**WHAT TO WORK ON:**
Copy exactly, no pictures: every line from the one that contains "Bianchi | |" through the end of the entries below.

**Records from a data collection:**
.....
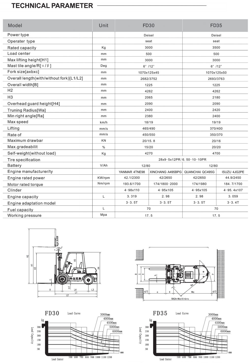 - This diesel forklift truck can be designed with two stage free lifting mast or three stage mast ,luxurious and closed driving room , solid tire , sideshifter , roll clamps . clamp holder , and nonstandard forks ect , to meet your different needs .
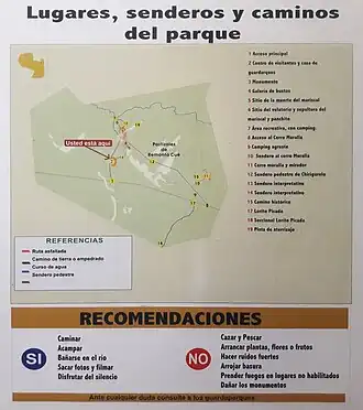 - 🌍 Cerro Corá National Park (45 km before Pedro Juan Caballero on Ruta 5. Any bus on the Asunción/Concepción-Pedro Juan Cabellero route can drop you at the junction, from where it is 1 km walk to the park office. Bus from Concepción: 4 hr, GS.30,000.). daily 07:00-17:00, but camping inside is possible. Light trekking (8-13 km), caves with petroglyphs, beautiful landscape and viewpoints in the midst of hills popping out in the lush green nature, and the occasional jaguar. Also, there an impressive and depressing war monument, for which most people come here. However, checkout the trails and camp sites on OpenStreetMap. Free.
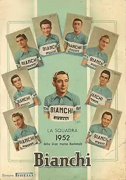 | ۱۸۹۹–۱۹۰۰ ۱۹۰۵–۱۹۰۸ ۱۹۰۹ ۱۹۱۰–۱۹۱۳ ۱۹۱۴ ۱۹۱۵–۱۹۱۸ ۱۹۱۹–۱۹۲۰ ۱۹۲۱ ۱۹۲۲ ۱۹۲۳–۱۹۲۶ ۱۹۲۷–۱۹۲۸ ۱۹۲۸ ۱۹۲۹–۱۹۳۲ ۱۹۳۳–۱۹۴۸ ۱۹۴۹–۱۹۵۰ ۱۹۵۱–۱۹۵۹ ۱۹۶۰–۱۹۶۴ ۱۹۶۵–۱۹۶۶ ۱۹۷۳–۱۹۷۷ ۱۹۷۸–۱۹۷۹ ۱۹۸۰–۱۹۸۴ ۱۹۸۵–۱۹۸۶ ۱۹۸۷–۱۹۸۹ ۱۹۹۳ ۲۰۰۳ | Bianchi Bianchi Bianchi–Pirelli Bianchi Bianchi–Dei Bianchi Bianchi–Pirelli Bianchi–Dunlop Bianchi–Salga Bianchi Bianchi–Pirelli Mirandola–Bianchi–Pirelli Bianchi–Pirelli Bianchi Bianchi–Ursus Bianchi–Pirelli Bianchi Bianchi–Mobylette Bianchi–Campagnolo Bianchi–Faema Bianchi–Piaggio Sammontana–Bianchi Gewiss–Bianchi Bianchi–Freetime Team Bianchi | |
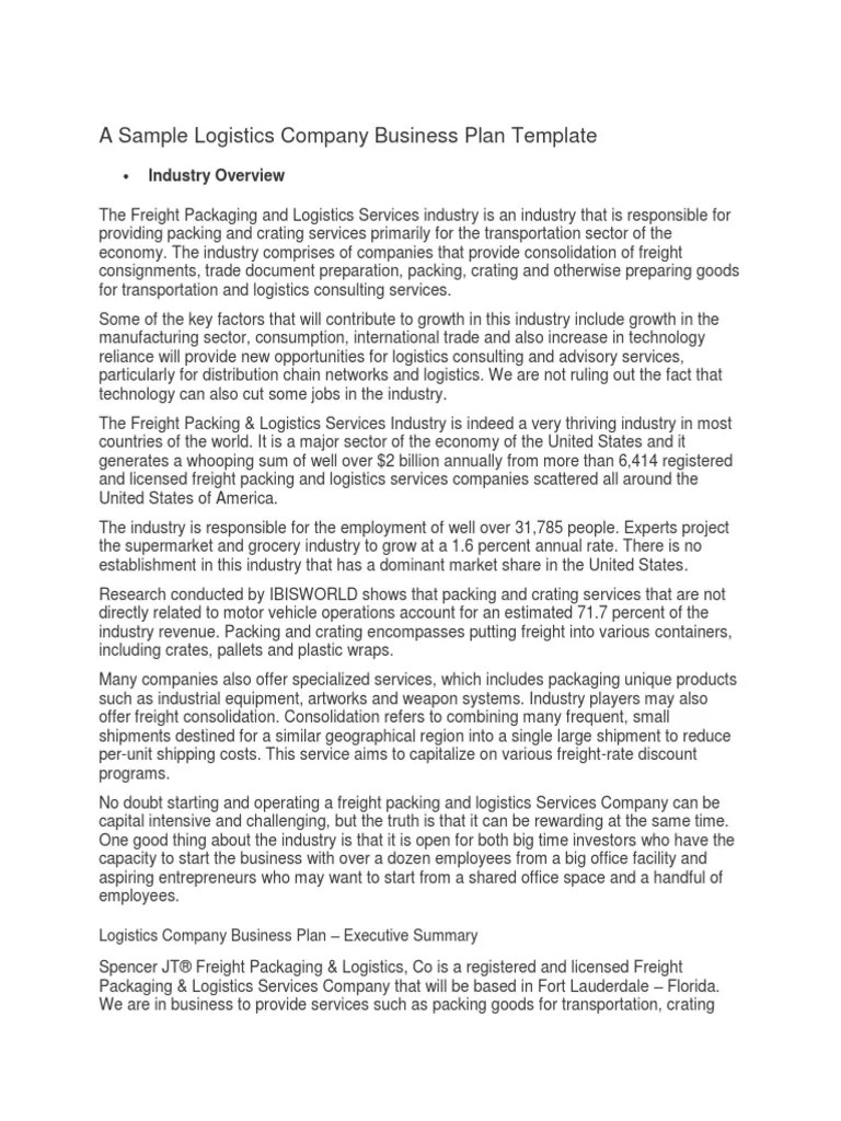 A Sample Logistics Company Business Plan Template Logistics Cargo
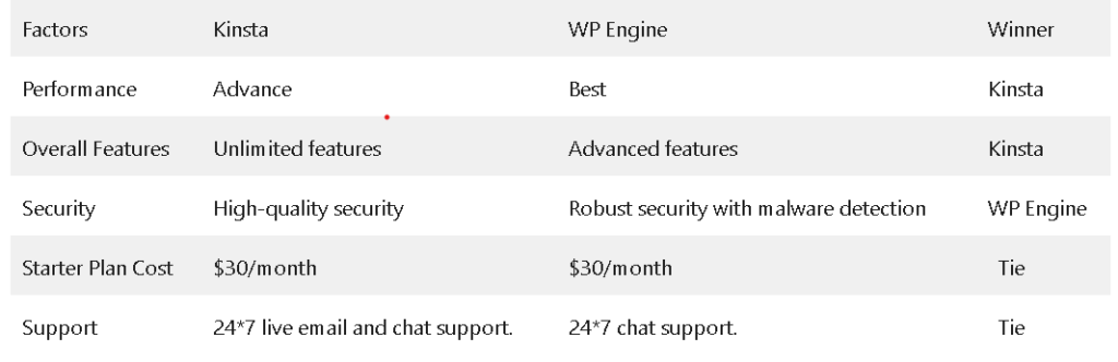 Below is a summary of WP Engine and Kinsta’s head-to-head comparison to see which one is the better pick. These two web hosting companies will be compared and scored based on: Cost: Starter Plan, Performance, Overall Features, Support, & Security.
.....
**ANSWER AREA:**
 | ۱۸۹۹–۱۹۰۰ ۱۹۰۵–۱۹۰۸ ۱۹۰۹ ۱۹۱۰–۱۹۱۳ ۱۹۱۴ ۱۹۱۵–۱۹۱۸ ۱۹۱۹–۱۹۲۰ ۱۹۲۱ ۱۹۲۲ ۱۹۲۳–۱۹۲۶ ۱۹۲۷–۱۹۲۸ ۱۹۲۸ ۱۹۲۹–۱۹۳۲ ۱۹۳۳–۱۹۴۸ ۱۹۴۹–۱۹۵۰ ۱۹۵۱–۱۹۵۹ ۱۹۶۰–۱۹۶۴ ۱۹۶۵–۱۹۶۶ ۱۹۷۳–۱۹۷۷ ۱۹۷۸–۱۹۷۹ ۱۹۸۰–۱۹۸۴ ۱۹۸۵–۱۹۸۶ ۱۹۸۷–۱۹۸۹ ۱۹۹۳ ۲۰۰۳ | Bianchi Bianchi Bianchi–Pirelli Bianchi Bianchi–Dei Bianchi Bianchi–Pirelli Bianchi–Dunlop Bianchi–Salga Bianchi Bianchi–Pirelli Mirandola–Bianchi–Pirelli Bianchi–Pirelli Bianchi Bianchi–Ursus Bianchi–Pirelli Bianchi Bianchi–Mobylette Bianchi–Campagnolo Bianchi–Faema Bianchi–Piaggio Sammontana–Bianchi Gewiss–Bianchi Bianchi–Freetime Team Bianchi | |
 A Sample Logistics Company Business Plan Template Logistics Cargo
 Below is a summary of WP Engine and Kinsta’s head-to-head comparison to see which one is the better pick. These two web hosting companies will be compared and scored based on: Cost: Starter Plan, Performance, Overall Features, Support, & Security.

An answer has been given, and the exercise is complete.